# [EXERCISE]
Only the lines below from the one containing "Hand-painted in watercolour" through the one containing "豆腐丝在平定叫做粉条豆腐丝,是红白喜事、" belong in the answer, repeated exactly and without pictures.

# [RECORDS SHOWN]
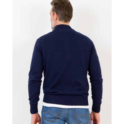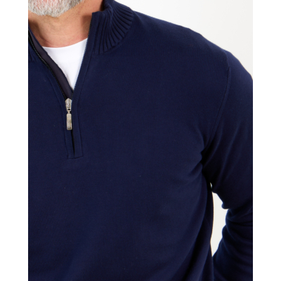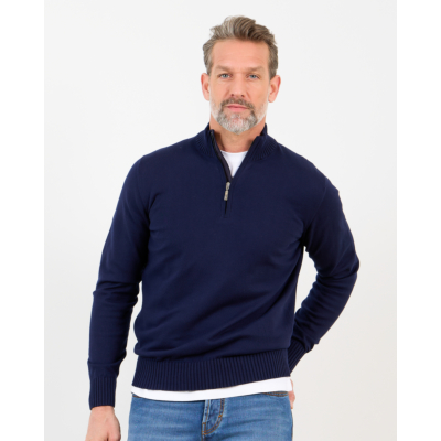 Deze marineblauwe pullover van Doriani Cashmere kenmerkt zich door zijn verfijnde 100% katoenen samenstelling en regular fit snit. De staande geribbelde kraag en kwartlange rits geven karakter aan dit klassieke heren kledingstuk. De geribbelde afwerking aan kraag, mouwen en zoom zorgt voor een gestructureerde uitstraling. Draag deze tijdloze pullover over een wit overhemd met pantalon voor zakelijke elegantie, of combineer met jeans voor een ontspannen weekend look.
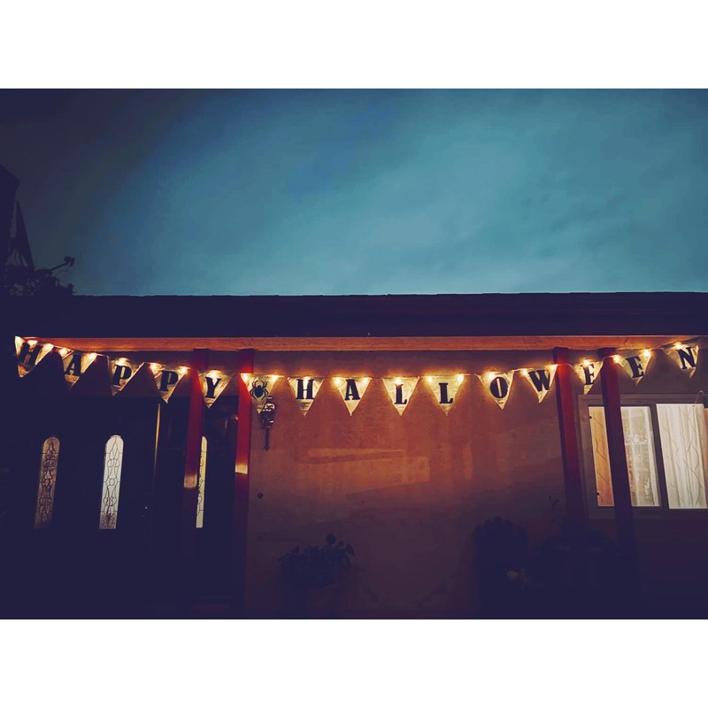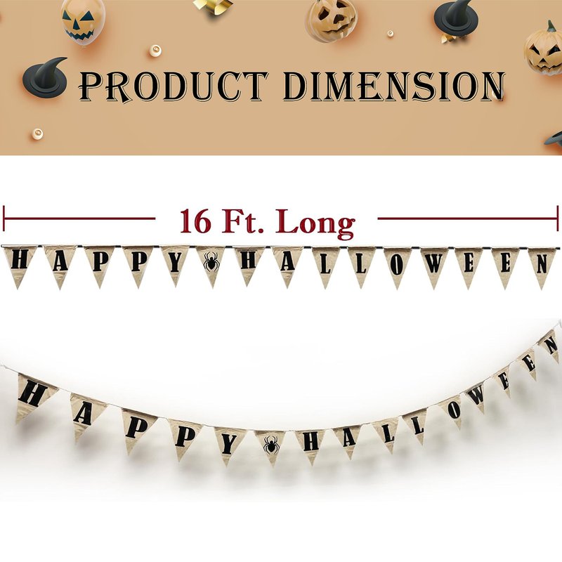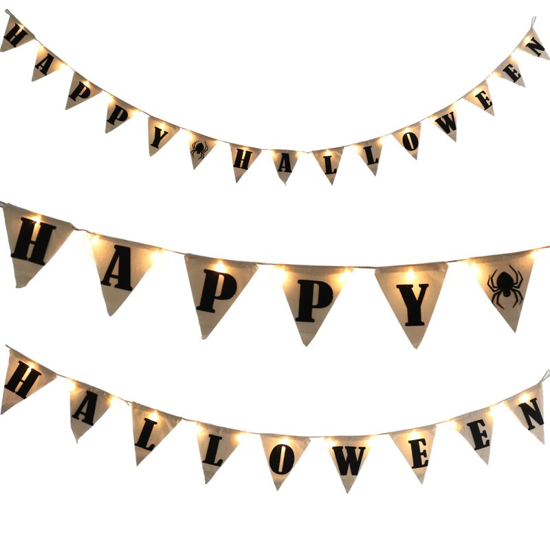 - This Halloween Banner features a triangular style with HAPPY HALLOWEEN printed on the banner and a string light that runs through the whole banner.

...

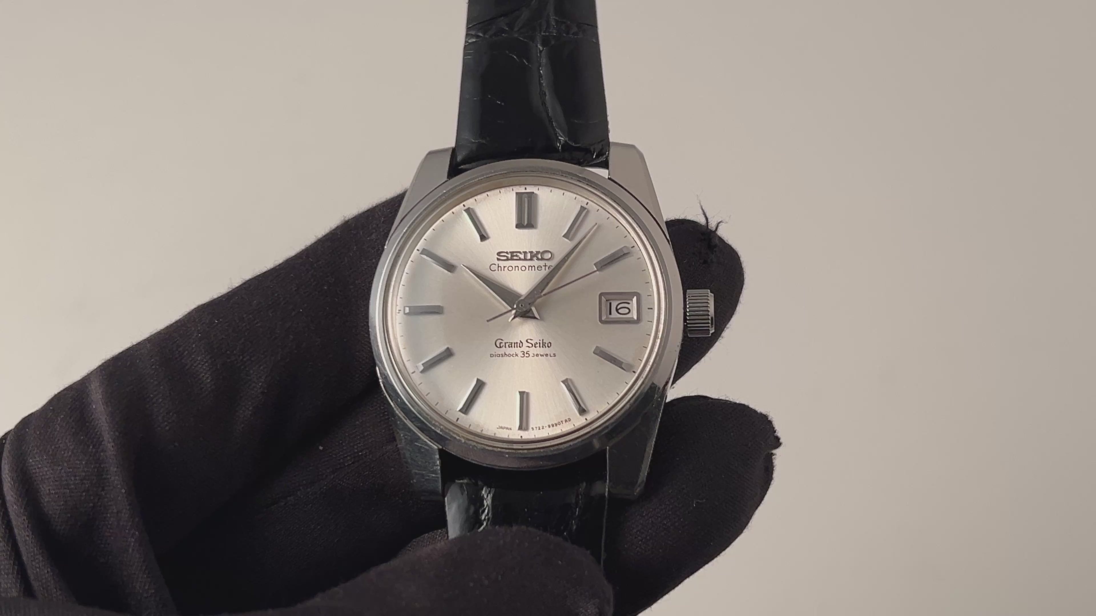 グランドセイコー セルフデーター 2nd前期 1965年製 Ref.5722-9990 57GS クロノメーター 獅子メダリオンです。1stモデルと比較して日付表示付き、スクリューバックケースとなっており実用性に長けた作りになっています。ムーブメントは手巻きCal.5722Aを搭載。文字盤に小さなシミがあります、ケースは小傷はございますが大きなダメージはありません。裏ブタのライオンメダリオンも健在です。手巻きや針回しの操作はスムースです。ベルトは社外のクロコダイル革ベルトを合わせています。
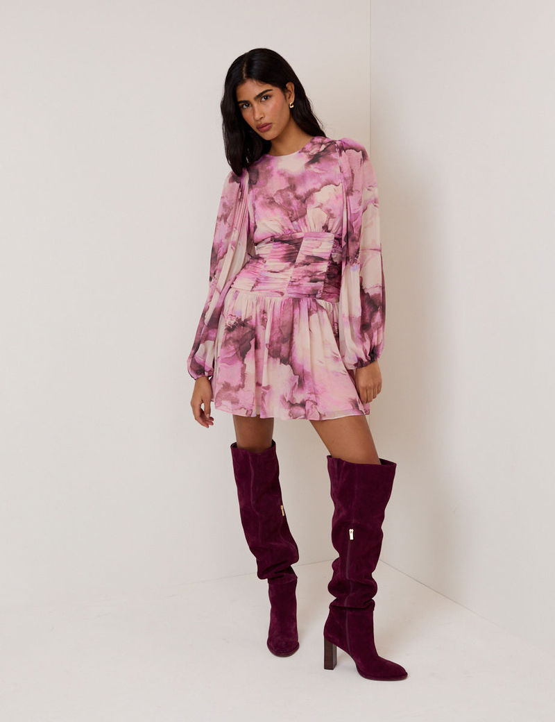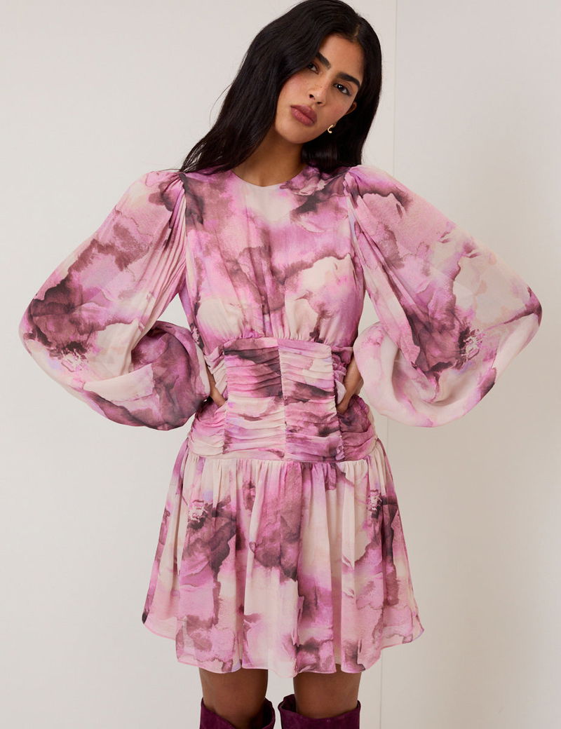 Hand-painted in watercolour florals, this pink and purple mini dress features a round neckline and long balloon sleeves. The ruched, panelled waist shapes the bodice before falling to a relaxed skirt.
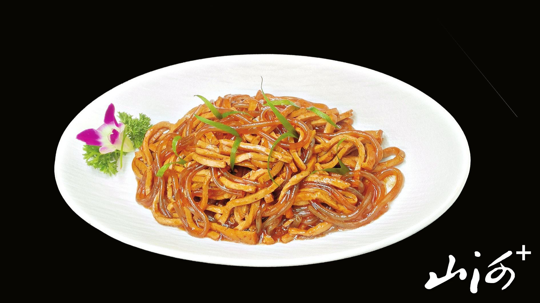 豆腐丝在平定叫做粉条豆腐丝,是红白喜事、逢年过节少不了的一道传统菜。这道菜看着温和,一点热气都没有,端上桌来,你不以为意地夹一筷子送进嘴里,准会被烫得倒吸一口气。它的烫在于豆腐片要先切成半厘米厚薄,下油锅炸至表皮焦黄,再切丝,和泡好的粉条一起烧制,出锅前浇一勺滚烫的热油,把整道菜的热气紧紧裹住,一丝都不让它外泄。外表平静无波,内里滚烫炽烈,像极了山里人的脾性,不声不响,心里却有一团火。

...

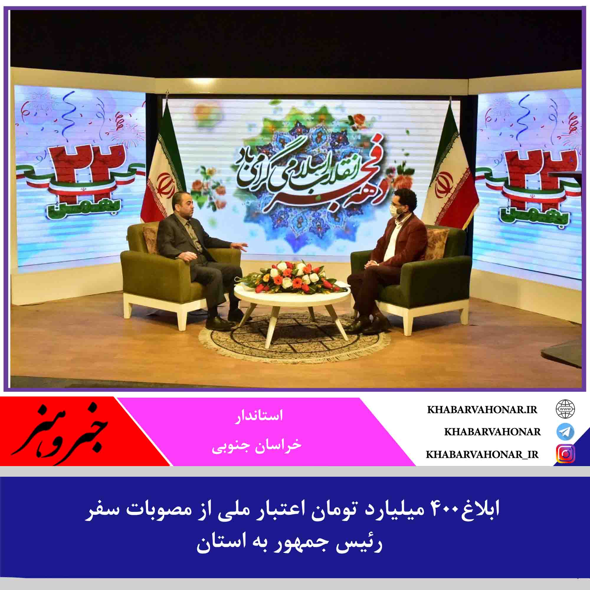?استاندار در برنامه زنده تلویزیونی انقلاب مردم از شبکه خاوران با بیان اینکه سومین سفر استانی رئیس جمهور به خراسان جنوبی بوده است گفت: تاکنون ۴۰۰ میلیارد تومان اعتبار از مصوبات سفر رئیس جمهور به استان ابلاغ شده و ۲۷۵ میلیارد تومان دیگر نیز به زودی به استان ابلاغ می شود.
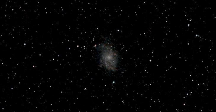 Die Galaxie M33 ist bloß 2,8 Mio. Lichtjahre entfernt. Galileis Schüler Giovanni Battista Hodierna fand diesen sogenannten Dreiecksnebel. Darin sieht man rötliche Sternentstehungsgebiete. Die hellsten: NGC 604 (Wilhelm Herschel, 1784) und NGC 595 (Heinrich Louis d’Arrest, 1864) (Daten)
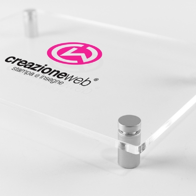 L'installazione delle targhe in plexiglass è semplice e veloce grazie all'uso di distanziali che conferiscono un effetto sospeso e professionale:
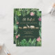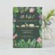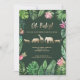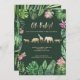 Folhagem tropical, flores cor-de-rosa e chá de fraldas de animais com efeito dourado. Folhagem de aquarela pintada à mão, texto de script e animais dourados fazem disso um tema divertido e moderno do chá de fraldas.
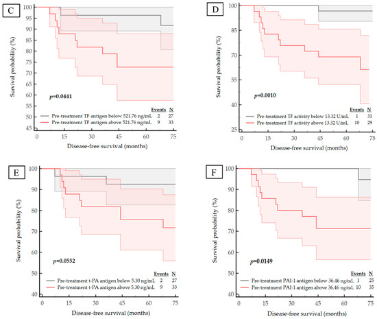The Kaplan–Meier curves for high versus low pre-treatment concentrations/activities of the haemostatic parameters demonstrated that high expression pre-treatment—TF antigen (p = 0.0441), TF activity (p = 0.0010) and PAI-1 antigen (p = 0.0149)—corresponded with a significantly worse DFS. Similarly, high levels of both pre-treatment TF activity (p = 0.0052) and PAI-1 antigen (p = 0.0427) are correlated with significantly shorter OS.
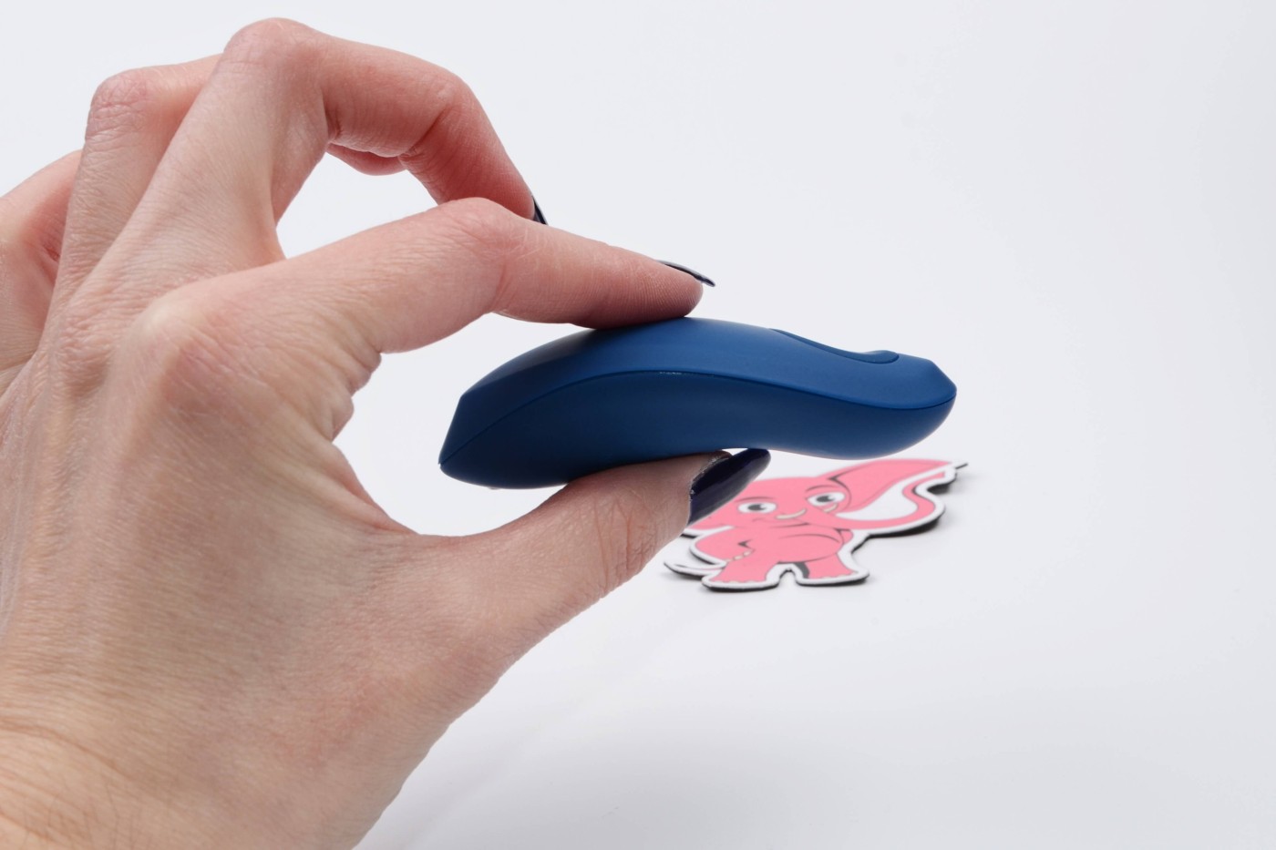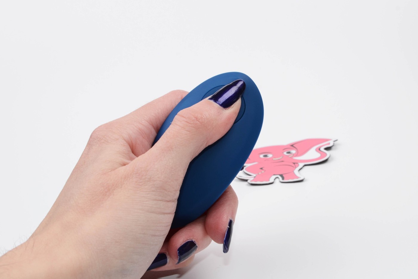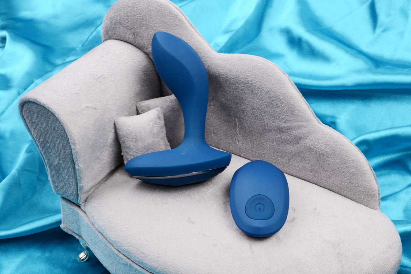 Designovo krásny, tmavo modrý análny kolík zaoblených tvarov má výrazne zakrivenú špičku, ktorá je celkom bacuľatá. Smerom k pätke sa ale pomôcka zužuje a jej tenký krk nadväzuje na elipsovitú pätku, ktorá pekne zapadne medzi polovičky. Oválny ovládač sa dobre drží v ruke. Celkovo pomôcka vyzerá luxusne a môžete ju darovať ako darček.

# [WRITTEN ANSWER]
 Hand-painted in watercolour florals, this pink and purple mini dress features a round neckline and long balloon sleeves. The ruched, panelled waist shapes the bodice before falling to a relaxed skirt.
 豆腐丝在平定叫做粉条豆腐丝,是红白喜事、逢年过节少不了的一道传统菜。这道菜看着温和,一点热气都没有,端上桌来,你不以为意地夹一筷子送进嘴里,准会被烫得倒吸一口气。它的烫在于豆腐片要先切成半厘米厚薄,下油锅炸至表皮焦黄,再切丝,和泡好的粉条一起烧制,出锅前浇一勺滚烫的热油,把整道菜的热气紧紧裹住,一丝都不让它外泄。外表平静无波,内里滚烫炽烈,像极了山里人的脾性,不声不响,心里却有一团火。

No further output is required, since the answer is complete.